Best Exercises for Diabetes & Pre-Diabetes

If you have diabetes or pre-diabetes, you’ve probably heard from your physician about the importance of a good diet and regular exercise. Consistent body movement (which goes beyond walking to the fridge) will help boost energy, better manage blood sugar levels, reduce insulin needs, manage stress, improve your mood and promote better sleep. If you’re like me and have glucose management issues, the temptation to sit on the couch after a long day is often overcome by my uplifted mood and energy level after a brisk walk or workout.

So here are some of the best exercises to engage in.

Aerobic dance

Dancing not only provides a physical workout but boosts your memory with the mental work required to remember steps and sequences. Have you tried Zumba? It’s a form of dance that’s a fun way to increase physical activity, lower blood sugar and reduce stress. In this study, a 16-week Zumba dance class program improved markers of health and fitness in Type 2 diabetic or overweight women.

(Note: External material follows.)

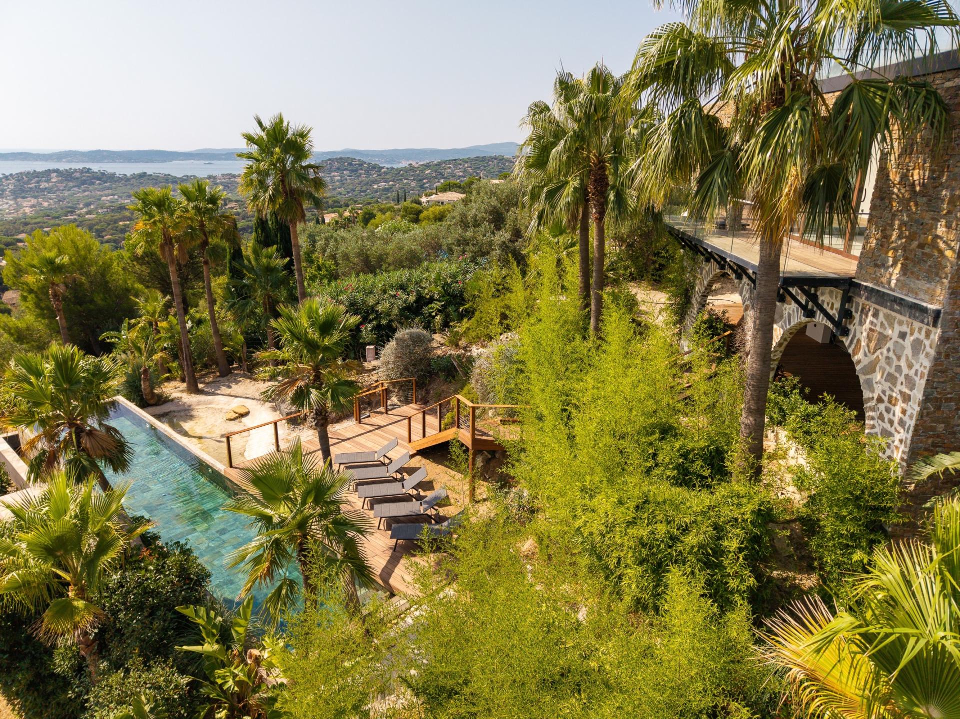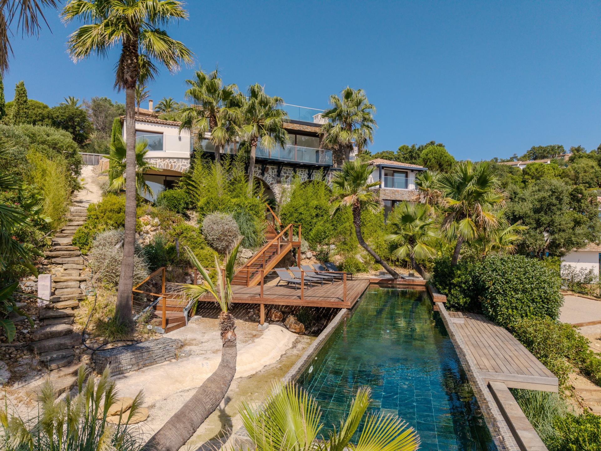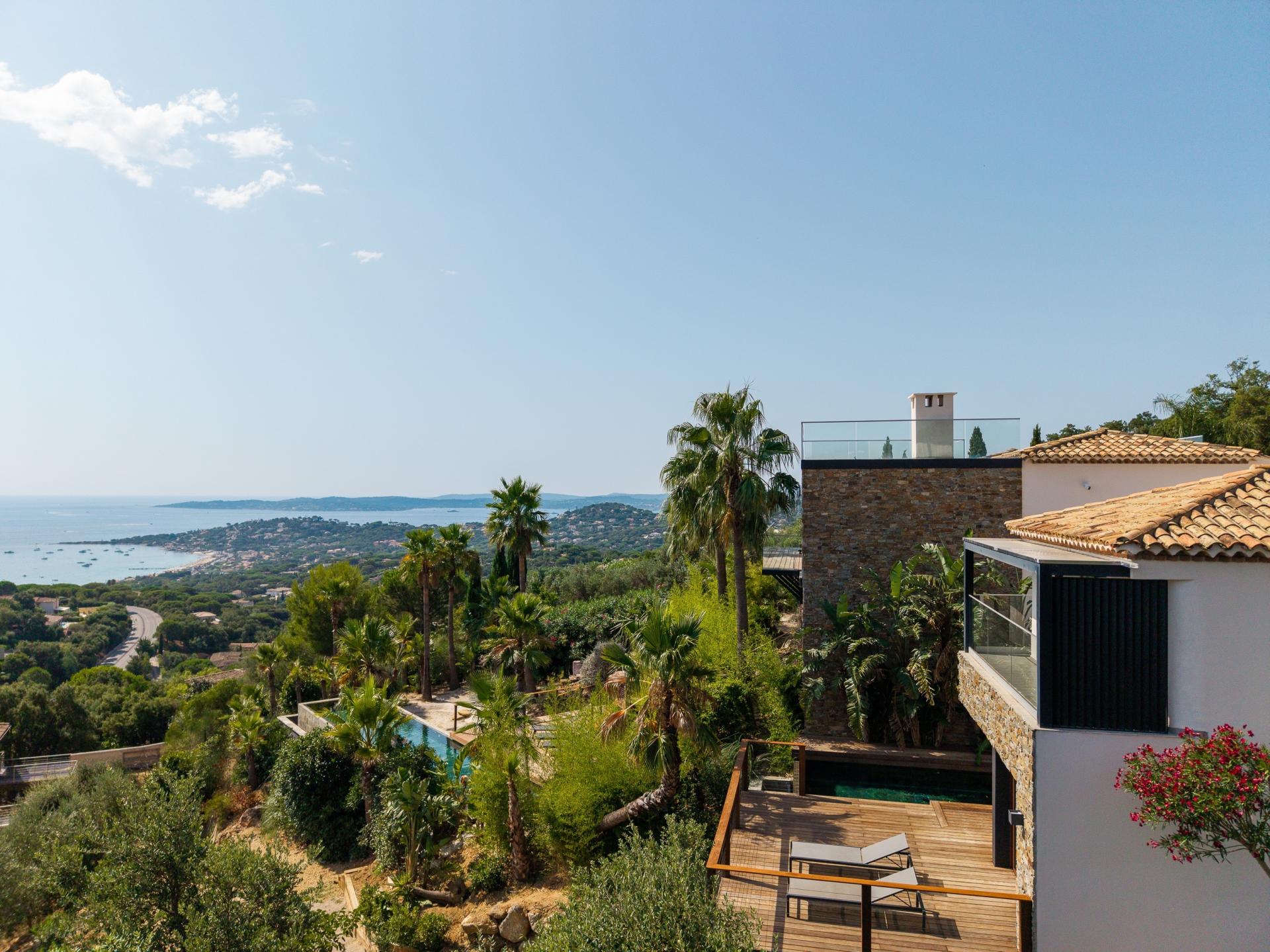 Nichée sur le Golfe de Saint-Tropez, cette villa d'exception est un véritable havre de paix, offrant une vue panoramique sur la mer. Le jardin paysagé, soigneusement aménagé, crée un cadre idyllique pour se détendre ou recevoir des invités. La piscine à débordement, invite à des moments de pur plaisir sous le soleil méditerranéen. À l'intérieur, le grand salon lumineux génère une atmosphère conviviale, parfaite pour des retrouvailles en famille ou entre amis. La cuisine américaine entièrement équipée ravira les amateurs de gastronomie, offrant un espace moderne et fonctionnel. Les quatre chambres en suite garantissent intimité et confort, chacune avec sa salle de bain privative. Pour accueillir vos invités, une maison d'amis indépendante dispose de trois chambres confortables, d'un salon spacieux et d'une terrasse ensoleillée, avec sa propre piscine privative. Cette propriété, représente une rare opportunité d'allier luxe et sérénité dans un cadre enchanteur.

Here’s a beginner 20-minute Zumba workout to try: 


Did you know that diabetes is a predictor for osteoarthritis? In this study, the findings showed a strong correlation between Type 2 diabetes and development of severe osteoarthritis. Another common risk with diabetes is diabetic neuropathy which damages nerves causing joint pain. So for those with joint pain, choosing low impact exercise like cycling can help you get the movement without straining your joints. If you have a bike and a decent path around the neighborhood, this is a fun exercise to enjoy with a partner. I prefer to ride on flat roads and gradually increase the length of time on the bike but if you’re up for the challenge, try a hill or two! Here are 10 popular bike trails in North Carolina:    


Pilates is a form of exercise that is performed on a mat (or equipment) to promote muscular strength, stability, endurance and low-impact flexibility. According to this study, 12 weeks of Pilates training improved glycemic control in older women with Type 2 diabetes. The beauty of Pilates is that you don’t need any fancy equipment to get the benefits and you can do this at home in the comfort of your living room. Here’s a 25-minute beginner workout to try:


This is one of the most joint-friendly activities with maximum aerobic benefit as it works your heart, lungs and muscle without putting pressure on your joints. This study demonstrated the reduction in HbA1c levels in patients with Type 2 diabetes after 8-12 weeks of aquatic exercise. So whether it’s freestyle, backstroke, breast stroke, water aerobics or jogging in place, find a pool nearby and jump in!

Tai Chi

This centuries-old Chinese martial art utilizes slow, flowing exercises with movement, meditation and rhythmic breathing. This analysis of 14 research studies showed that Tai Chi can effectively reduce blood glucose and HbA1c markers in Type 2 patients with diabetes. New to Tai Chi? How about this 15-minute sunrise Tai Chi (or whenever you are up) to start your day?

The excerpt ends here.